What strikes me as strange is the part where it says: _picks up some time after the series finale; this time Michael must rescue Sara from prison._

If the finale was really as it was, then this is impossible. :blink:


----------



## JCD (Apr 20, 2006)

OK, if you haven't watched the show yet and will watch the show at some later date, don't look behind the "curtain" below..




*Spoiler* 



First, I'm disappointed with the end ending. I know we can't always have a "happy ending", but that was a total downer. Almost mean in some respects. I could tell where they were going when he got his nosebleed on the beach -- I think my thought line was something "oh, you wouldn't do that would you.."

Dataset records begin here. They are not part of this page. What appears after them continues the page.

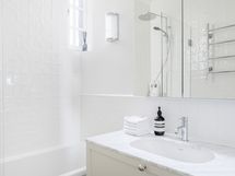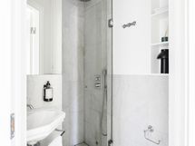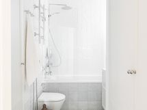 Kph 2: Puusepän integroidut kaapistot, seinä wc, Itämeren marmoria pinnat, integroitu kattosuihku, integroitu Unidrain vedenpoisto suihkussa.
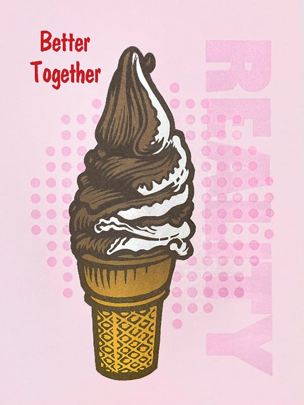 Color Woodcut, Relief and Letterpress print, 18" x 24", on Bright White cotton paper. Hand-cut, Hand-printed with antique wooden type. 2020. Signed on the front. Unframed.
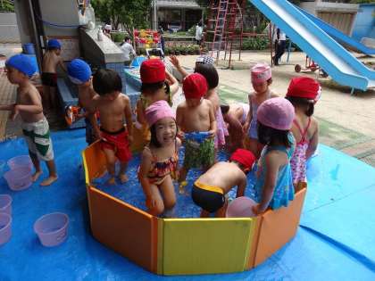 ビニールプールにたくさんの子どもが入り,いものこを洗うようです。
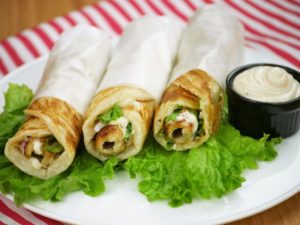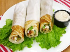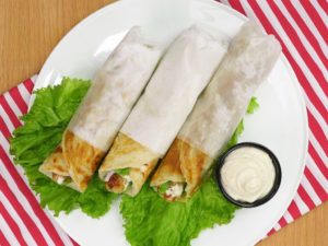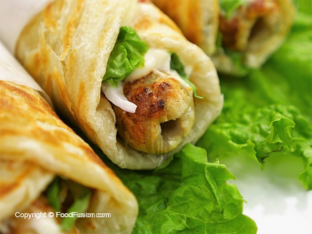 Place dawn bread paratha,add mayo garlic sauce,chicken cheese seekh kabab,onion slices,salad leaves and mayo garlic sauce,warp and serve.
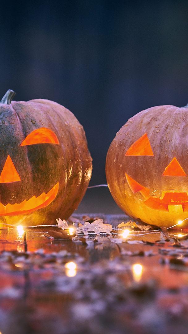 来一盏微笑的南瓜灯吗? 神秘森林里木桌上的两个微笑的万圣节南瓜 (© sandsun/Getty Images)
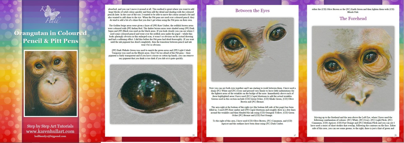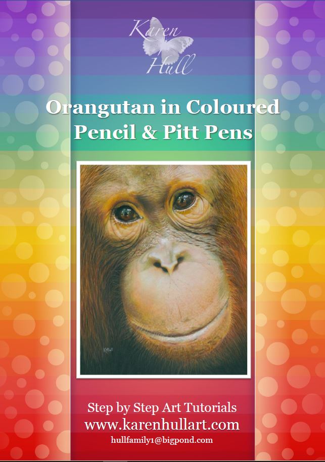 This 28 page tutorial shows you how to draw this darling Orangutan Bunga using Coloured Pencils and Faber Castell Pitt Pens. It includes multiple full colour images and detailed instructions. To assist you in completing this tutorial, I have also completed a Speed Drawing of the process which you can view on YouTube.
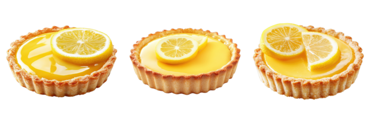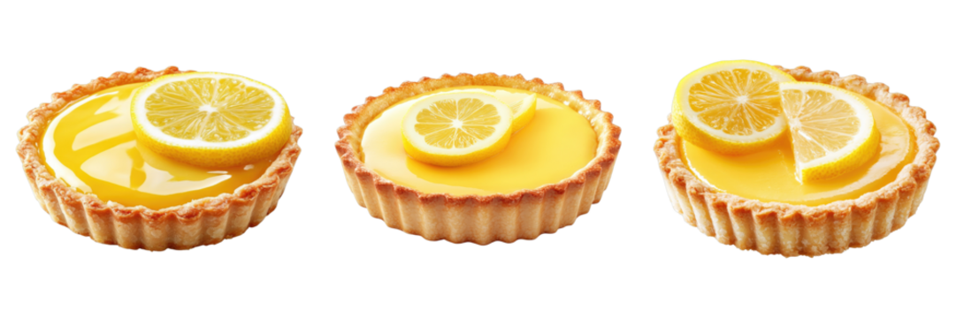 Beautiful presented lemon tart isolated on transparent background. PNG ,Set of
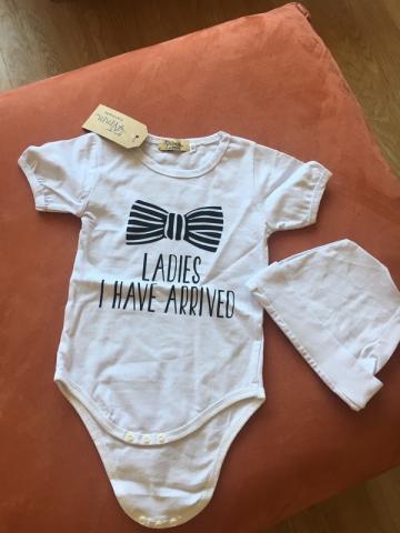 Naujas baltas komplektėlis berniukui. Šliaužtinukai 60 cm ir kepurytė.

Also, the T-bag situation was similarly disappointing. How he becomes the yard bully AGAIN with only one hand, I'm not going to get. I've said it before, you really have to turn up the suspension of disbelief knob with this show, but that one was tough for me to absorb. I think it would have been more appropriate if HE was holding the pocket instead of the other way around.

The "regular" ending for the running plot line I thought was good enough for the limited time they had to close up the show. I think they were already half way through the season when they found out they had been canceled, so they had a very limited amount of time to close a lot of plot threads. Given those constraints, I thought they did a good job. 

I'm thinking of something like Lost -- if they had to finish the show with only 8-10 episodes, I think they'd be pretty hard pressed to cover everything that was still open as well. Pushing Daisies was another show that was canceled half way through the season... and it REALLY shows in the final episode. Basically, they used the last ten minutes of the final show to tie up pretty much every loose end in a VERY abrupt manner. For a show I liked as much as PD, I was sad to see how they had to cram an ending into a very short amount of time. I guess it's better than no conclusion/wrap up, but I always would hope for more.


Back to Prison Break...

As for the blurb, I can only imagine that the 2 hour feature was made before Fox canceled the series and they killed off Michael. I hadn't heard of it or seen anything related to it either.


----------



## Sonnie (Apr 11, 2006)

I ain't lookin'... :nono:

When did it come on? I never even saw ads for it and it must have been recently because the season finale was not that long ago.


----------